TASK TO CARRY OUT:
Given the material below, return only the lines starting at the line with "Solid V Neck Ribbed A-line Knit Mini Dress" and ending at the line with "Оборона масса айлыгы", exactly as they appear.

RECORDED INFORMATION:
┏━━
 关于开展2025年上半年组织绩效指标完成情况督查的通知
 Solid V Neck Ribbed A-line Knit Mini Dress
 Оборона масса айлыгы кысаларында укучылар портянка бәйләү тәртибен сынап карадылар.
┗━━
┏━━
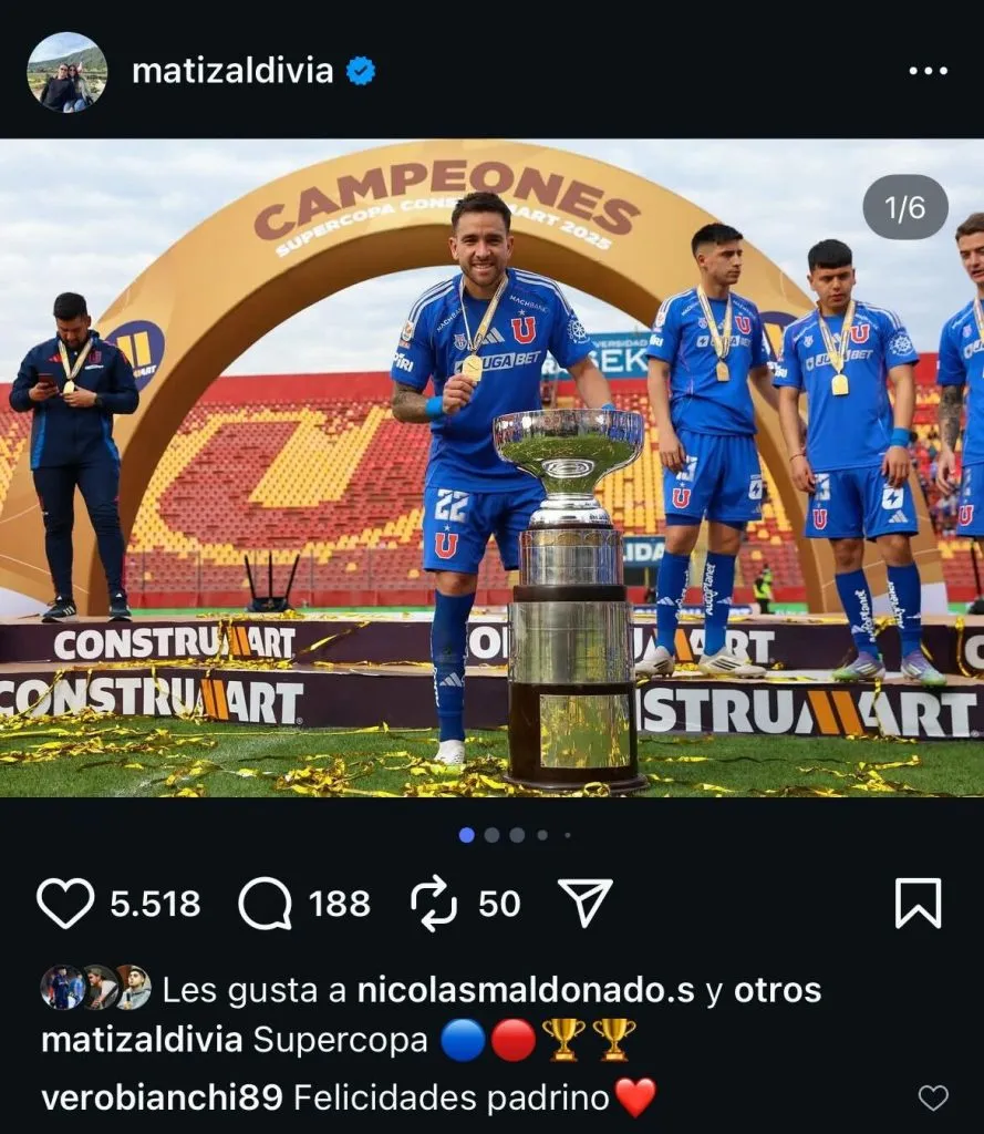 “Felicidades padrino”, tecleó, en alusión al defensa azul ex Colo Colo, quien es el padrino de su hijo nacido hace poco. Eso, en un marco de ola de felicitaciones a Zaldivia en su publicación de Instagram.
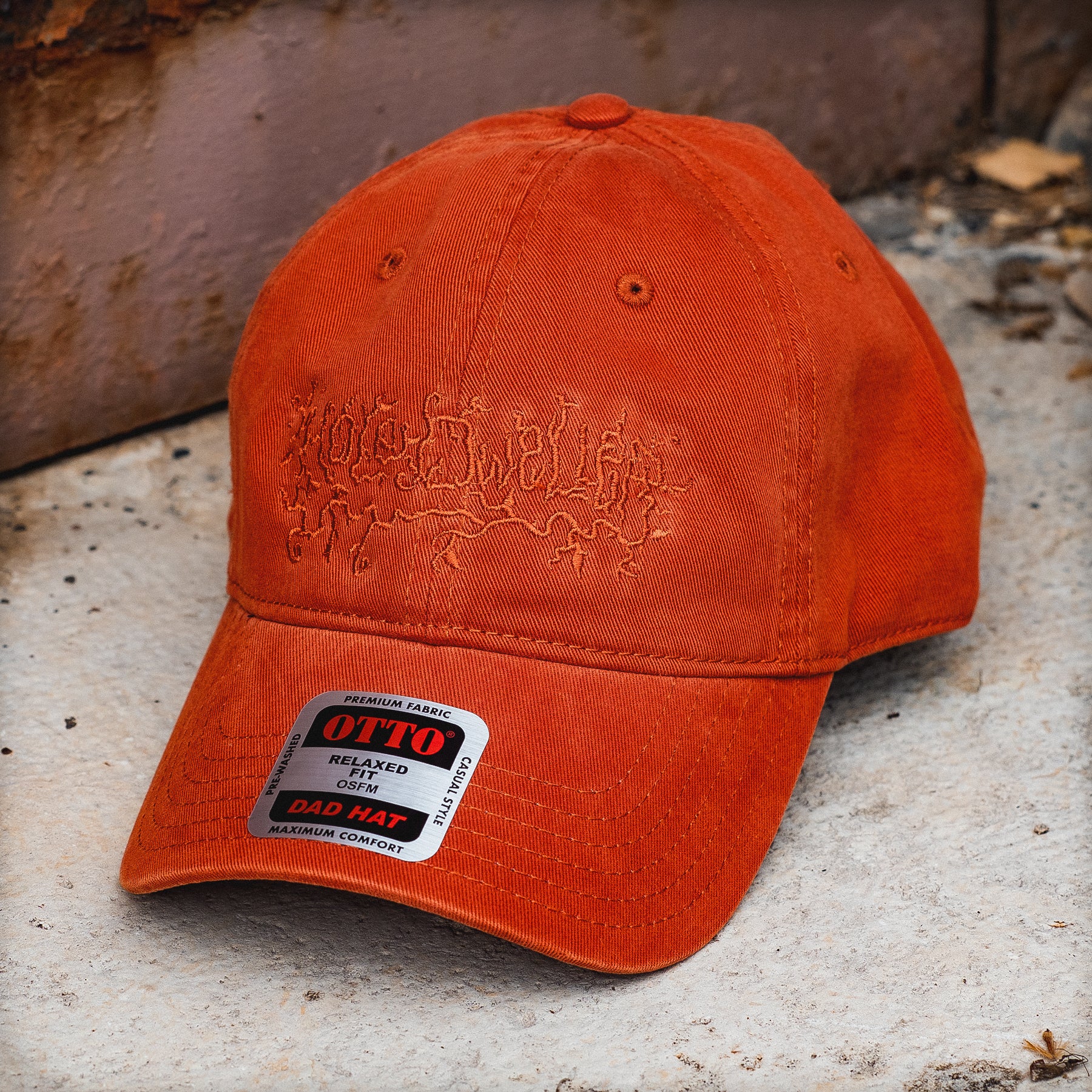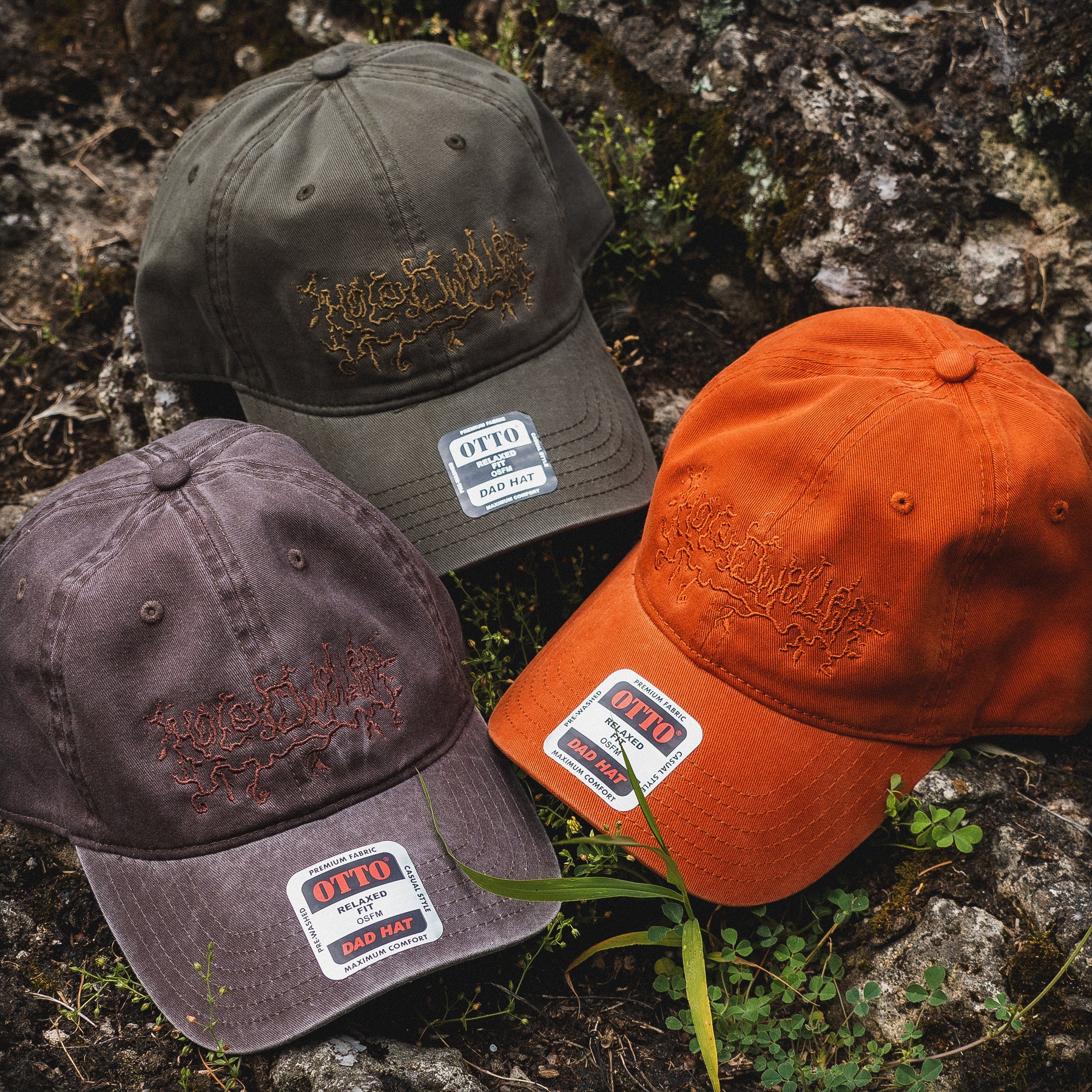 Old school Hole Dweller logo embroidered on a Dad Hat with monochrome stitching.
┗━━
┏━━
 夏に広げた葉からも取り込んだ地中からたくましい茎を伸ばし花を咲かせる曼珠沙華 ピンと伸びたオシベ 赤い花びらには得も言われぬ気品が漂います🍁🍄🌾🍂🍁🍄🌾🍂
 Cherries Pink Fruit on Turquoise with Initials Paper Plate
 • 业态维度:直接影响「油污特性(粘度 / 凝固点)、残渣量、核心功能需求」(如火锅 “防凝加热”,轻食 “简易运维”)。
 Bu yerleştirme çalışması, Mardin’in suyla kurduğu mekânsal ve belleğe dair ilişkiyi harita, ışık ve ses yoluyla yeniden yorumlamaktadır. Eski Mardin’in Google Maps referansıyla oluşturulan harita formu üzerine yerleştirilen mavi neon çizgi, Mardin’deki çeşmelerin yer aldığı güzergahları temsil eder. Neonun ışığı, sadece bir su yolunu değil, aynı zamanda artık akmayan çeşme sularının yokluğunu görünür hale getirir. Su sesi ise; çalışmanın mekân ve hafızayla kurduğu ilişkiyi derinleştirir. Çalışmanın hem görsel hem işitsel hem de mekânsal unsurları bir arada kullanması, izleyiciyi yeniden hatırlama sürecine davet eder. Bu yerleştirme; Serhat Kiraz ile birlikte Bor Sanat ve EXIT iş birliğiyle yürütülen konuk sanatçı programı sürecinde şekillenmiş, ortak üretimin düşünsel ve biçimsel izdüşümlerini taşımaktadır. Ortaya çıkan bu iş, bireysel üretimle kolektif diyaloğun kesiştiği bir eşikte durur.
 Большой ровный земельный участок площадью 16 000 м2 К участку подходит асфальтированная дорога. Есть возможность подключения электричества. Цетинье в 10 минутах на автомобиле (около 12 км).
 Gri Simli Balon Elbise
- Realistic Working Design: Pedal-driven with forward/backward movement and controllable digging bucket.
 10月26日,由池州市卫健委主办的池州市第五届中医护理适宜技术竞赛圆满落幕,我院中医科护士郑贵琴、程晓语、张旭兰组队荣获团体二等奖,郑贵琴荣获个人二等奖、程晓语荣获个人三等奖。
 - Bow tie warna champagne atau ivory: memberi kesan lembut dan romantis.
┗━━
PROBLEM SOLUTION:
 Solid V Neck Ribbed A-line Knit Mini Dress
 Оборона масса айлыгы кысаларында укучылар портянка бәйләү тәртибен сынап карадылар.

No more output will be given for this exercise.